» **What needs to be done**
I'd like the listing below copied exactly, with the images left out.

» **Records to process**
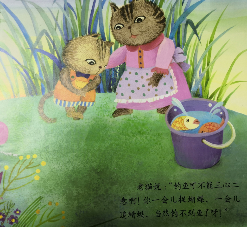 《小猫钓鱼》的故事内容简单易懂,活泼生动,通过小猫从钓不到鱼再到最后终于钓到大鱼的故事,启发小朋友们懂得,做事不能三心二意,要学会一心一意!
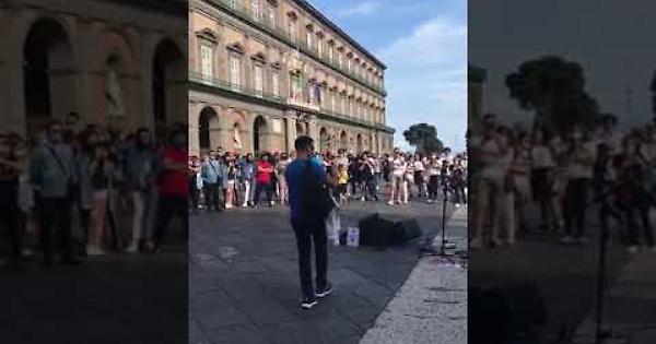 “Abbracciame" di Andrea Sannino è stata l'inno dei napoletani nei momenti difficili del lockdown e ora che il peggio sembra essere alle spalle risuona in una piazza Plebiscito piena di gente e colori. A proporla, nel suo arrangiamento, un artista di strada. Il coro parte spontaneo e grandi e piccoli si fanno vicini, tutti rigorosamente in mascherina, per cantare ancora una volta “Abbracciame".
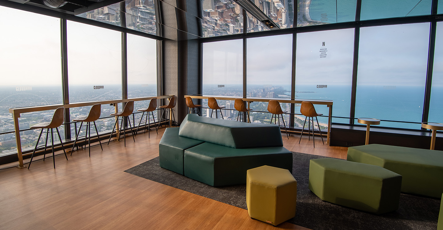 Welcome to CloudBar, where European design meets the Chicago skyline. Enter with a general admission ticket and stay as long as you like. Unwind with panoramic vistas, handcrafted beverages, and local snacks, or explore the Observation Deck with drink in hand.
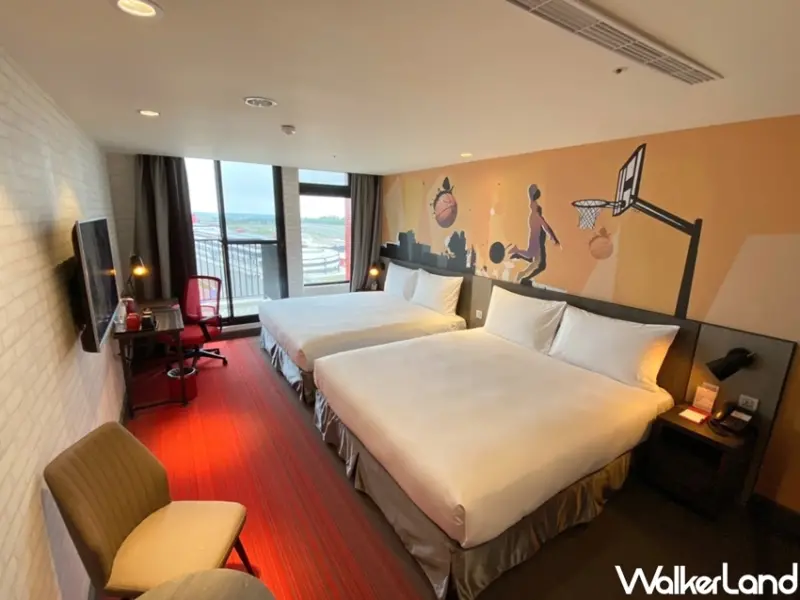 並且,房間設計上充滿運動元素,及後現代工業風,從衣櫃、床頭櫃,連備品都是賽道包裝。此外,還有讓3C重度使用者的車迷們來說,相當貼心的設備是,房間提供多處插座,可同時充電9組手機、平板、相機都沒問題。
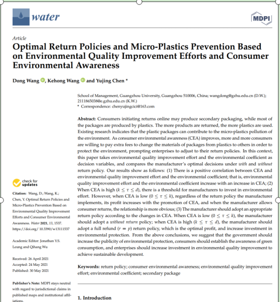 王东副教授发表了题为“Optimal return policies and micro-plastics prevention based on environmental quality improvement efforts and consumer environmental awareness”(基于环境质量努力与消费者环保感知的最优退货策略及微塑料污染控制)的研究成果。该成果发表于国际期刊《Water》,该期刊为SCI检索,2020年影响因子为3.103,是JCR二区期刊。论文链接为://doi,org/10.3390/w13111537。 王东副教授为本文第一作者,硕士研究生王科宏为本文第二作者,陈宇靖博士为本文通讯作者。本文受到国家自然科学基金项目(71731010,71801056,71801059,71802063),以及教育部人文社科项目(18YJC630017)的资助。
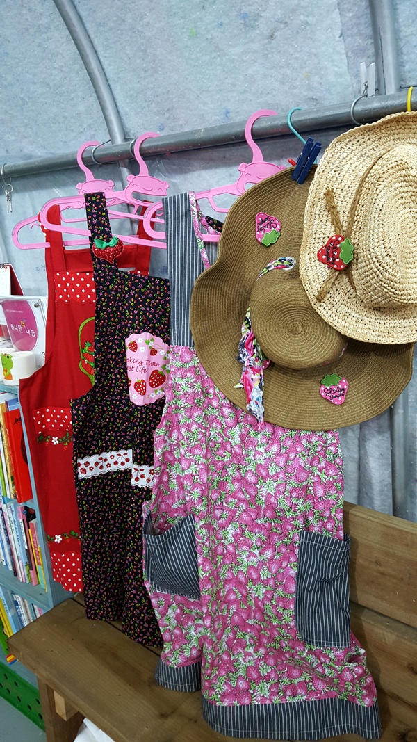 딸기체험을 진행하면서 제가 입게될 앞치마와 모자도 예쁘게 준비를 하였습니다.
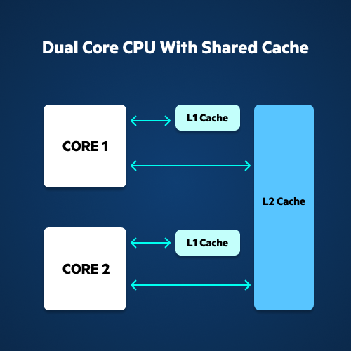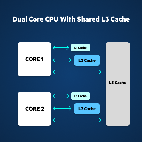 In a multi-core configuration, each core can have a dedicated L1 and L2 cache and share L3 cache. Usually, L3 cache serves L1 and L2 cache at the same time. This allows L3 cache to facilitate and expedite data sharing and inter-core communication.

» **Output below**
 《小猫钓鱼》的故事内容简单易懂,活泼生动,通过小猫从钓不到鱼再到最后终于钓到大鱼的故事,启发小朋友们懂得,做事不能三心二意,要学会一心一意!
 “Abbracciame" di Andrea Sannino è stata l'inno dei napoletani nei momenti difficili del lockdown e ora che il peggio sembra essere alle spalle risuona in una piazza Plebiscito piena di gente e colori. A proporla, nel suo arrangiamento, un artista di strada. Il coro parte spontaneo e grandi e piccoli si fanno vicini, tutti rigorosamente in mascherina, per cantare ancora una volta “Abbracciame".
 Welcome to CloudBar, where European design meets the Chicago skyline. Enter with a general admission ticket and stay as long as you like. Unwind with panoramic vistas, handcrafted beverages, and local snacks, or explore the Observation Deck with drink in hand.
 並且,房間設計上充滿運動元素,及後現代工業風,從衣櫃、床頭櫃,連備品都是賽道包裝。此外,還有讓3C重度使用者的車迷們來說,相當貼心的設備是,房間提供多處插座,可同時充電9組手機、平板、相機都沒問題。
 王东副教授发表了题为“Optimal return policies and micro-plastics prevention based on environmental quality improvement efforts and consumer environmental awareness”(基于环境质量努力与消费者环保感知的最优退货策略及微塑料污染控制)的研究成果。该成果发表于国际期刊《Water》,该期刊为SCI检索,2020年影响因子为3.103,是JCR二区期刊。论文链接为://doi,org/10.3390/w13111537。 王东副教授为本文第一作者,硕士研究生王科宏为本文第二作者,陈宇靖博士为本文通讯作者。本文受到国家自然科学基金项目(71731010,71801056,71801059,71802063),以及教育部人文社科项目(18YJC630017)的资助。
 딸기체험을 진행하면서 제가 입게될 앞치마와 모자도 예쁘게 준비를 하였습니다.
 In a multi-core configuration, each core can have a dedicated L1 and L2 cache and share L3 cache. Usually, L3 cache serves L1 and L2 cache at the same time. This allows L3 cache to facilitate and expedite data sharing and inter-core communication.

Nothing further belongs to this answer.